"Weirich, James" <James.Weirich / FMR.COM> schrieb im Newsbeitrag
news:1C8557C418C561429998C1F8FBB283A728BA94 / MSGDALCLB2WIN.DMN1.FMR.COM...
> > From: Robert Klemme [mailto:bob.news / gmx.net]
> > > Try /./ instead of /.*/.  Unexpected stuff will come at you one
> > character at a time, which may or may not be ok.
> >
> > Looks like "|.*" is already present above.  Or did you want
> > to point to something else?
>
> Ummm ... I was suggesting "|." *instead* of "|.*"

Ooops, sorry.  Must've got the logic the other way round.

> irb(main):001:0> "foo bar baz".scan(/foo|bar|./)
> ["foo", " ", "bar", " ", "b", "a", "z"]
>
> See how the unexpected stuff comes at you one character at a time.  This
may
> or may not be a problem.
>
> > > For example, if all you are interested in are patterns
> > > like "some_var = some_thing_else", then end your token list with
> > > something like /[^a-zA-Z0-9_=]*/.
> >
> > Again I'd suggest to consider the "+" since the empty
> > sequence is not very often interesting as a token.
>
> Yes, "+" is a better option than "*".
>
> Another anoying feature of scan is this if you have parenthesis in your
RE,
> then it starts returning lists of matches.
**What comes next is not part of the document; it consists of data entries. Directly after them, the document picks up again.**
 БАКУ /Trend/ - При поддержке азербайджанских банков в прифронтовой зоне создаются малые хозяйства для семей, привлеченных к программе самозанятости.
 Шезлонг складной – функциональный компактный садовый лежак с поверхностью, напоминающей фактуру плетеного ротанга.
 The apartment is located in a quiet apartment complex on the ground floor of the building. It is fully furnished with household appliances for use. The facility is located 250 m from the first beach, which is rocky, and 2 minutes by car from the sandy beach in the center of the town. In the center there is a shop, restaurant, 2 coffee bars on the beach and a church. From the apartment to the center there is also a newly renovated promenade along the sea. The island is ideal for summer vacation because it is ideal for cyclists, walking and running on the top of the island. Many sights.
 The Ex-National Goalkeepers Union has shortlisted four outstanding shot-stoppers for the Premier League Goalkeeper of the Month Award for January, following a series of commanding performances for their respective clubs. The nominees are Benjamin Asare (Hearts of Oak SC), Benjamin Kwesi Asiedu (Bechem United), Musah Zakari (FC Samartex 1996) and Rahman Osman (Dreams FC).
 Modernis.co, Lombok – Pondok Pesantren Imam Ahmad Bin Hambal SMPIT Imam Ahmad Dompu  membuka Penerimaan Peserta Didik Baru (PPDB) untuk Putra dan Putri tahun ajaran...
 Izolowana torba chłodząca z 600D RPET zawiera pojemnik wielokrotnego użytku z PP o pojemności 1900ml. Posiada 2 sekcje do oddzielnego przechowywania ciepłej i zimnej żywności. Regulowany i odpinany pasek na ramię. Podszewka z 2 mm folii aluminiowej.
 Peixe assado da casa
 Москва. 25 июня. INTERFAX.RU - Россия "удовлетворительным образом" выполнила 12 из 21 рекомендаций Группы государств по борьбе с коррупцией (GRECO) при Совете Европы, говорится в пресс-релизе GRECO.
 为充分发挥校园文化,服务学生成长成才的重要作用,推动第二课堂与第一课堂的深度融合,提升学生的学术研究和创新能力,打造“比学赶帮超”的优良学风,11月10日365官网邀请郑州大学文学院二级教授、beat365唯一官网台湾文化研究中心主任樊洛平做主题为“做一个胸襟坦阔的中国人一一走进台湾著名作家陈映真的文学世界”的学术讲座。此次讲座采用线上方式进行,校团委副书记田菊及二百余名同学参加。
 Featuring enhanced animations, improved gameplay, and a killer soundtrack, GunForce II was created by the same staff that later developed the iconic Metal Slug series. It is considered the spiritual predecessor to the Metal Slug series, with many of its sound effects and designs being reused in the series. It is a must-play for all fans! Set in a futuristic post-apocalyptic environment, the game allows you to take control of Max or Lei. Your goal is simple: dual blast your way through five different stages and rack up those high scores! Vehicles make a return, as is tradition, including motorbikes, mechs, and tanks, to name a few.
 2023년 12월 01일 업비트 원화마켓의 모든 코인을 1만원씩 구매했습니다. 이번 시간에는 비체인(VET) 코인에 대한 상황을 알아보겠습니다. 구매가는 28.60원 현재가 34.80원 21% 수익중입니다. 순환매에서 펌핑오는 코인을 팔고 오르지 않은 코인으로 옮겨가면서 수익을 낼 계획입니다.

Yeah, that's true.  It's usually not a problem since you control the regexp
(you can either use (?:...) or extract the appropriate element).  If you
don't control it you have to decide which of the groups you choose.  You'll
probably end up doing:

str.scan( rx ) {|m| m.kind_of?( String ) ? m : m.find{|x|x} }

But I wondered why it's not a MatchData instance like you get from
Regexp#match.  That would provide more information.  Any ideas about the
reasoning behind this?

Regards

    robert